P2P is probably the best solution for search in the long run, but here is how it can be decentralized in the interim.

Separate crawlers, indexers and search websites. One search website could go to several indexers. One indexer could get info from several crawlers. In today's internet this makes so much more sense than everything being run by the same company.

For example, you could have a crawler that specializes at searching Medium.com. You could have another one that specializes in searching just computer game websites. The data from both are aggregated by indexer A and indexer B. Indexers would rank content using different algorithms.

When user opens some search website and types a query, the website pre-processes the query and sends it to both indexers. Both return the best results they can. The website then aggregates them into a single page and shows to the user.

With this system there will be competition at every level. And a startup could conceivably build a node in this infrastructure without tackling the entire thing at the same time (like you have to do right now).

You think website X has bad interface? You can build your own interface and buy information from existing indexers (which you chose).

You think you can do better job at ranking results? You can build your own indexer and sell your results to pre-existing websites.

You think some niche area of the web is ignored? You can build your own crawler and sell your results to one or several indexers.

If someone does a bad job, the next level of the system has incentives (and freedom) to drop them. This includes the consumer of search results.

MadWombat · on Feb 5, 2020

> In today's internet this makes so much more sense than everything being run by the same company

I have expressed similar ideas in other discussions here on HN, so I agree with you that this would be a really neat to have an ecosystem like this. But the question is how do you make money? What is your incentive to run a crawler? What is your incentive to run an indexer? People are used to the idea that web search is free, so you search sites cannot charge people money. It also means that they cannot buy indexer services.

dcolkitt · on Feb 5, 2020

I think it could work with micro transactions on the backend. In B2C Internet consumers won't pay for content. But in B2B its the norm. Paying for an indexer or crawler is really no different than the umpteen million AWS transactions that occur everyday.

Most consumers probably won't want to pay for search. At least initially until the culture changes. But that's fine, they don't have to access the crawler or indexers directly. Instead they can point their browser at the frontend URL of their choice. And that frontend can monetize by injecting ads or whatever other business model they want.

As long as they earn more in ads than they pay on the open market for backend crawlers, indexers, etc., then they're a viable business. Given how ridiculously profitable Google is, this shouldn't be a difficult hurdle to clear.

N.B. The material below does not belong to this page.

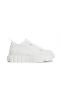 Sneakers allacciate in tessuto sfrangiato suola rialzata decorata da un pattern rigato. modello contraddistinto da una punta in gomma che decora la calzatura.

MadWombat · on Feb 5, 2020

The requirements in infrastructure are not symmetrical here. An indexer requires a significantly bigger investment in both storage and computational power than either a crawler or an end-user site. Seems like everyone would want to run a crawler, but nobody would want to run an indexer.

Also, it is unclear how to start something like this. A sort of a chicken and egg problem where you cannot start running any of these components because there is nobody running the other parts.

drmabus · on Feb 6, 2020

the egg came first.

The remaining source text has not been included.